Studying standards

CDER's Office of Testing and Research (OTR) has launched research projects about establishing better ways to ensure the quality and safety of new dosage forms. One project is examining factors that might reduce patch adhesion to the skin and thus result in low drug permeation and poor efficacy, according to OTR Acting Director Cindy Buhse. Her staff is developing standardized tests for evaluating how heat, occlusion, or compromised skin may affect the adhesive qualities of transdermal drug delivery systems. Another research group is developing novel in vitro testing methods using artificial membranes and cadaver skin to establish in vitro–in vivo correlations.
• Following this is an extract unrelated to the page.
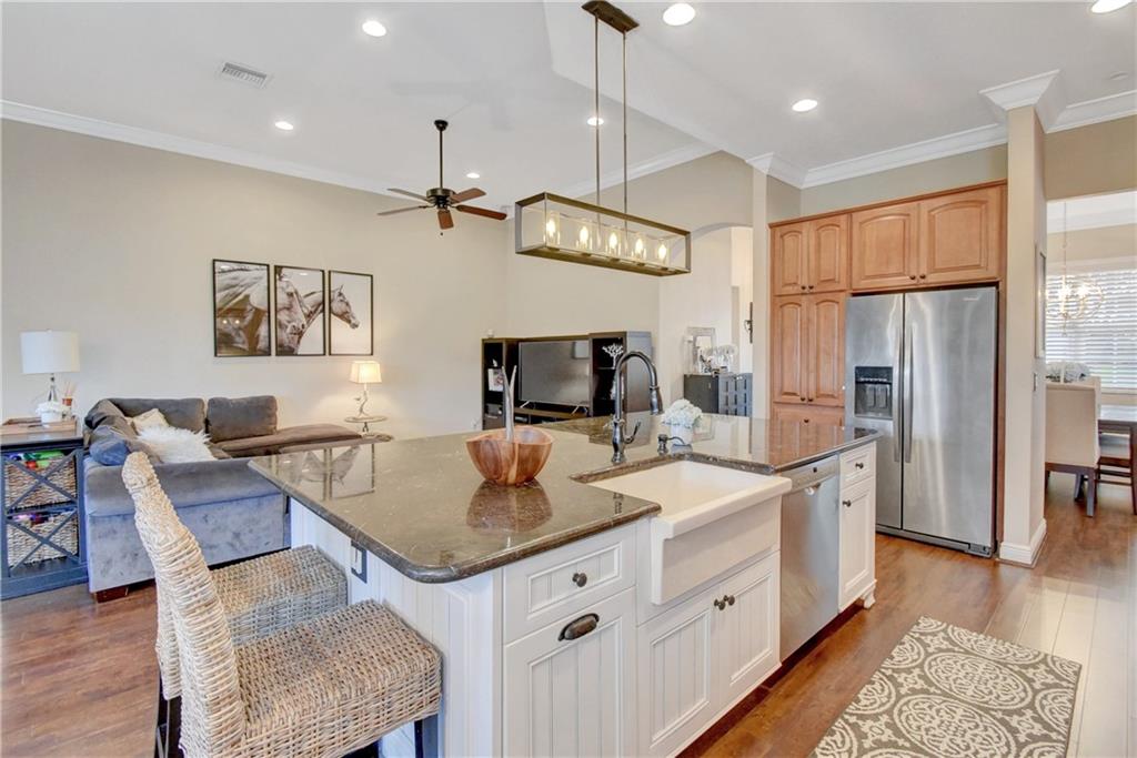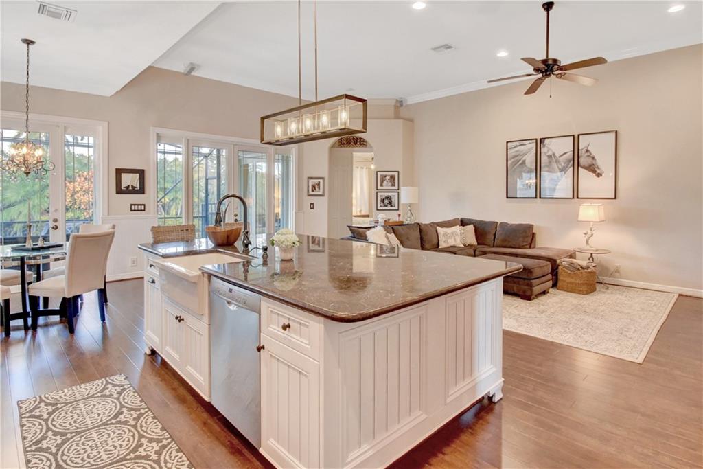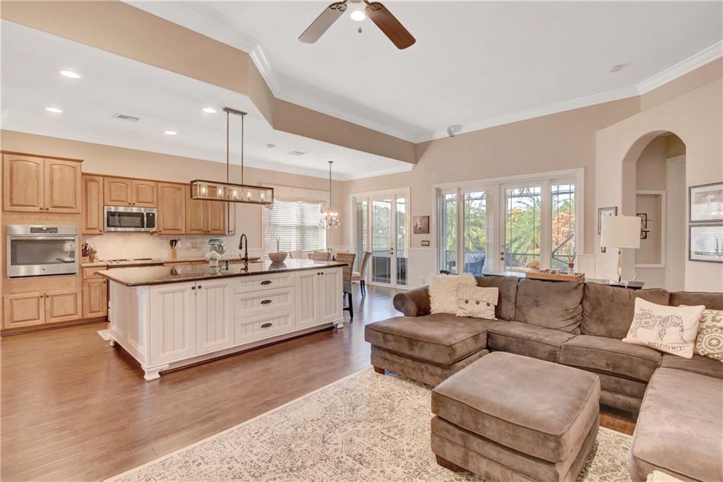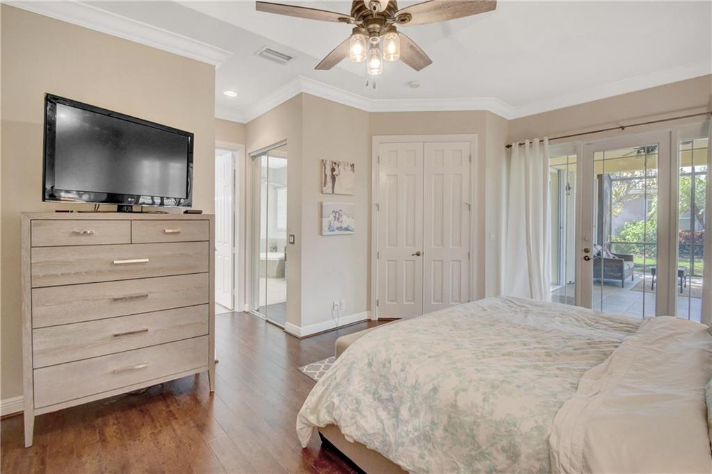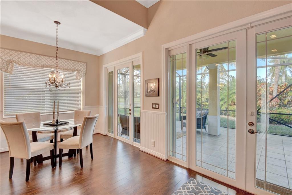 Immaculate 3 bedroom, 2 bath Bimini shows like a model!!! Totally upgraded & customized with 42" wood cabinets, stainless steel appliance, 2 ovens, granite counters, crown moldings & beautiful laminate flooring throughout. French doors leading to a large screened in patio with a fabulous water view. Large fenced yard with room for a pool. Accordion hurricane shutters. Built-in generator hookup in garage. Guard gated community with clubhouse, exercise room, tennis, basketball, heated pool & spa, plus much more.

The aim is to provide faster and less expensive alternatives than in vivo testing for evaluating drug release through patches under various conditions.

OTR also seeks to establish standardized methods for ensuring the quality of inhalation drugs to support the development of new vaccines, migraine medications, and insulin products using this delivery approach. Researchers are evaluating how drug parameters and formulation characteristics affect spray impaction force, particle size and distribution, spray pattern, and plume geometry. Raman microscopic imaging is being evaluated as a possible tool for determining the chemical identity and particle-size distribution for nasal and pulmonary inhalable formulations. FDA wants to understand the limitations and capabilities of these new techniques, Buhse explains, to develop guidances and to evaluate new applications properly.

FDA's analysis is likely to facilitate the approval of generic versions of new dosage forms. FDA recently approved the first generic allergy nasal spray, Roxane Labs's version of GlaxoSmithKline's "Flonase" (fluticasone propionate). The review of this application by FDA's Office of Generic Drugs (OGD) was scientifically challenging, commented OGD Director Gary Buehler. As the first generic nasal-spray suspension product, it involved the review of data about spray and absorption patterns plus bioequivalent studies with clinical endpoints that compared various clinical effects on seasonal rhinitis.

OGD would like to see additional efforts by scientists to develop standards for these products. In a speech to the Generic Pharmaceutical Association in February, FDA Deputy Commissioner Scott Gottlieb noted that most topical creams are not substantially absorbed into the body, making it difficult to evaluate efficacy with standard in vitro analysis and bioequivalence testing. And liposomes, which can target a therapy to specific tissues, require new methods for bioequivalence testing.

Spurring innovation

Gottlieb said that FDA's Critical Path Initiative outlines opportunities for industry to collaborate on developing more modern scientific tools for generic drug development, including physiological- based pharmacokinetic models, bioequivalence waivers on the basis of improved in vitro tests, and pharmacodynamic measures of safety. These tools are just some of the items on FDA's long-awaited Critical Path Opportunities List, which recognizes that problems in the characterization, testing, and quality management of medical products can delay clinical trials and even completely block drug development.

One particular opportunity is to collaborate on developing new testing instruments for manufacturing patches, liposomes, topicals, and nasal and pulmonary inhalers that can better target the delivery of difficult-to-formulate drugs. FDA notes a need for new methods to assess the quality of these products, pointing out that extracting a drug from a patch many alter efficacy or safety, and that spray density is key to assessing aerosol quality. New analytical techniques also are needed to assess the quantities or forms of drugs found in some drug–device combinations products.

Additional Critical Path opportunities for improving drug manufacturing involve developing:

• new standards for the use of rapid spectroscopic analytical methods;
• research about the physical and chemical characteristics of different nanomaterials;
• improved methods for identifying safety problems of excipients early in the product-development process;
• cell lines free from adventitious agents to encourage cell-based influenza vaccines and other biological products;
• new biomarkers and other approaches for characterizing and standardizing cell therapies, tissue engineering, and other biologicals;
• advanced microarray technologies than can detect contamination in biological products;
• improved tests for vaccine potency.